Monday, March 5, 2007

So today I had an hour to spare while I was waiting for a ring to be resized so I decided to walk to the Borders which is close by. I figured that I'd spend 30-40 minutes in no other place but the front shelves that hoist up the "Borders Bestsellers."

Upon entering Borders, this was the first book I found by Terrence Real, The New Rules of Marriage.

Upon opening the book I read that two of the six chapters of the Table of Contents had something along the lines of "Are you getting what YOU want? as the chapter title.

So I decided to flip through these chapters. I didn't get very far before I came across this statement: In speaking to the reading, Real writes that our view in marriage ought to be: "what can I give you to help you give me what I want." Though to be completely honest, I wasn't shocked to read these kinds of selfish and psycho-therapeutic phrases throughout the book.

Then I moved to the other side of this shelf. My eyes immediately were drawn to this book by John Shelby Spong, Jesus for the Non Religious.

Now, according to my knowledge of the Bible, those who are "non-religious" (to use Spong's vernacular) are "those whom the wrath of God abides on him" (John 3:36) and "he who does not have the Son of God does not have the life" (1 John 5:12).

However, this is not what I found in the book.
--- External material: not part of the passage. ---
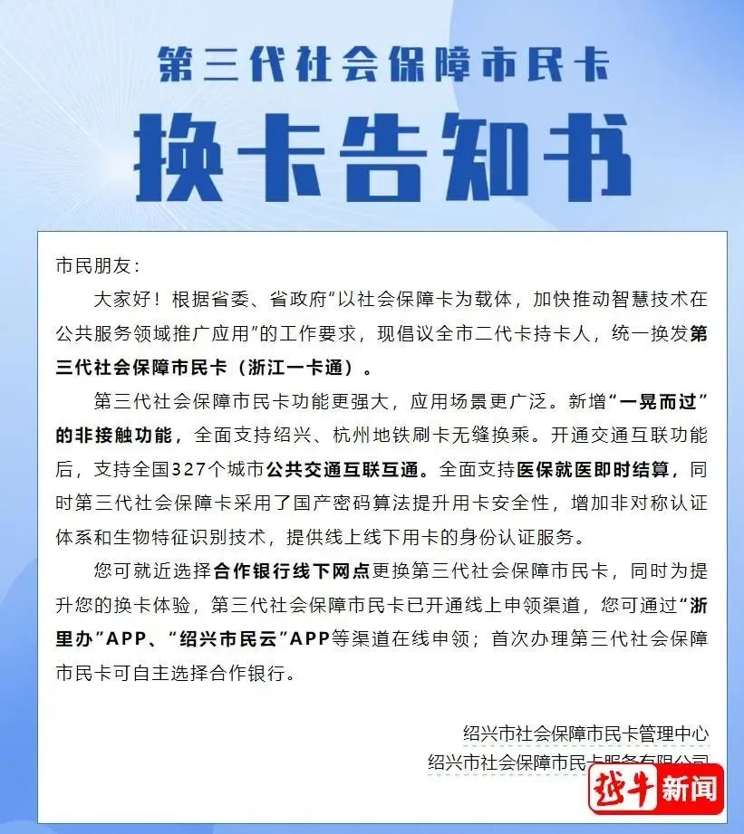 越牛新聞?dòng)浾咦⒁獾剑敖B興市民卡”微信公眾號(hào)此前就發(fā)布了《第三代社會(huì)保障市民卡換卡告知書》,提醒市民及時(shí)更換新的社保卡。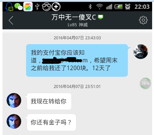 4月7号,晚上我睡觉前给他又说一遍支付宝,其实他知道我的支付宝毕竟以前交易过,而且都加的有好友。但是神奇的是情发生了23:43我特意重复了一遍我的支付宝,下线睡觉。23:51我下线以后他回复我要还钱了(这些截图都是手机助手上的,所以我虽然不在线第二天也能看到),但是结果还是没还,而且还有借口了,如图”那天我叫你,我有,现在没有怎么解决“。你妹啊,你还钱转给我不就行了,7分钟前刚发了支付宝,他告诉我他不知道支付宝所以没法转。

I found Spong giving a lengthy discourse on who Jesus really is. What he does in the book is try to describe Jesus to those who are completely ignorant as to who Jesus of Nazareth truly was.

I read chapters that were all about the miracles of Jesus being misunderstood. In Spong's words, he noted that those who take the miracles in the Gospels (and especially those performed by Jesus), are clearly misinterpreting the biblical record and are ignoring the author's purpose for writing. Not too shocking, but yet very discouraging.

Then I flipped to another chapter that was titled something along the lines of "Was Jesus really able to raise the dead?" Well, according to my Bible, yes. According to my studies and what I said yesterday in my sermon at church about Jesus raising Jairus' daughter from the dead (cf. Mark 5:35, 42). However, Spong seemed to be dogmatic that Jesus really did not raise the dead. This girl was merely sleeping. Furthermore, Lazarus was merely recapitulated. He was not really dead.

Being completely disheartened at this point, I walked yet one shelf over (still 15 feet from the front door of Borders at the Bestsellers table) and found this work:

As a preacher, when you see a bright blue book with big white letters that unmistakably and undoubtedly tell you "What Jesus meant, you want to pick it up and read it. This book by Gary Wills simply put the climax to my discouraging afternoon at the Borders Bestsellers table after about 40 minutes.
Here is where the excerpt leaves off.